The girl loves scissors. Katja cuts up her clothes, resewing her shirts into assemblages of color and texture. She cuts her own hair and her friends’ hair. After ten years of Waldorf school and daily immersion in music, painting, drawing, drama, and movement, she’s now in a traditional high school where students sit at desks most of the day, memorize material, and regurgitate it. She doesn’t have time for art classes, singing, or drama.
So I figure she needs more creative ways to express herself. She needs to take stuff apart and reconstruct it in new ways. Otherwise, her creative drive can become a destructive drive, with much more serious consequences than uneven hair.
When your teenager is grounded, she finds all kinds of things to do at home. I come home one night, and Katja has the sewing machine out. “I hope you don’t mind, Mom,” she says, “I cut up one of your shirts.”

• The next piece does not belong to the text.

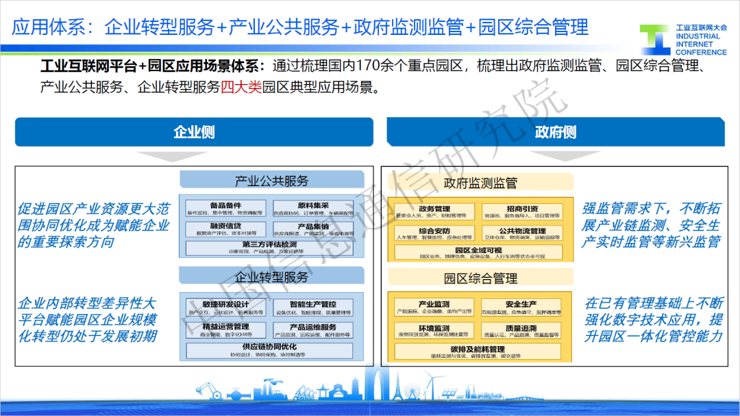 6月15日,2023工業(yè)互聯(lián)網(wǎng)大會在蘇州舉行,在“工業(yè)互聯(lián)網(wǎng)平臺創(chuàng)新發(fā)展”論壇上,中國信通院兩化所工互創(chuàng)新部楊昊亭發(fā)布了《“工業(yè)互聯(lián)網(wǎng)平臺+園區(qū)”典型場景》(以下簡稱“典型場景”)并進行了解讀。園區(qū)作為產(chǎn)業(yè)發(fā)展的主陣地,是推動我國經(jīng)濟發(fā)展的重要引擎。“典型場景”圍繞園區(qū)高質(zhì)量發(fā)展需求,提出了產(chǎn)業(yè)公共服務(wù)、企業(yè)轉(zhuǎn)型服務(wù)、政府監(jiān)測監(jiān)管、園區(qū)綜合管理四類應(yīng)用場景,旨在為提升園區(qū)治理能力與加速產(chǎn)業(yè)轉(zhuǎn)型升級提供可借鑒的經(jīng)驗和模式。

Katja is converting a flannel shirt — actually, an old pajama shirt I’d requisitioned from my husband — into a skirt. A really cool skirt with a jagged hemline, with the arm openings becoming the waist.
This is karmic payback for the teenager I used to be, going into my mother’s closet — my father’s closet, too, for that matter — and freely stealing and altering anything that caught my eye. I remember one green plaid seersucker vest and skirt I fancied. Only thing, it was too big and the skirt too long. No problem, I sliced and diced and stitched until it fit. I hadn’t a clue what I was doing, so I cut the skirt straight across, following the plaid lines, so that when I wore the skirt, it was longer along the side seams than the front and back. Flat, like a paper doll skirt. Still, taking my mother’s clothes was the least of my teenage transgressions. My mother probably understood this on some level and didn’t object much to my wardrobe experiments. And I don’t object to Katja’s.
“Hey, Kats,” I ask her one day as she’s passing through my study, “do you mind if I write about your ticket — you know, the drinking incident — for my column?”
“What column?” she asks. She pays so little attention to my life.
“You know, that column I write for Literary Mama. The column about you guys. You should read it sometime.”
“Oh, yeah. I don’t care,” she says. And she’s off, in her poofy skirt over holey jeans, unmatched socks, reassembled shirt, and streaked orange hair, willing to stumble as she finds her own way in the world. It’ll take time to rebuild trust completely, and I can’t know that she’ll never make another mistake, but I can reinforce the fences, keep channeling her appetite for experimentation, give her lots of space, and catch her when she needs me.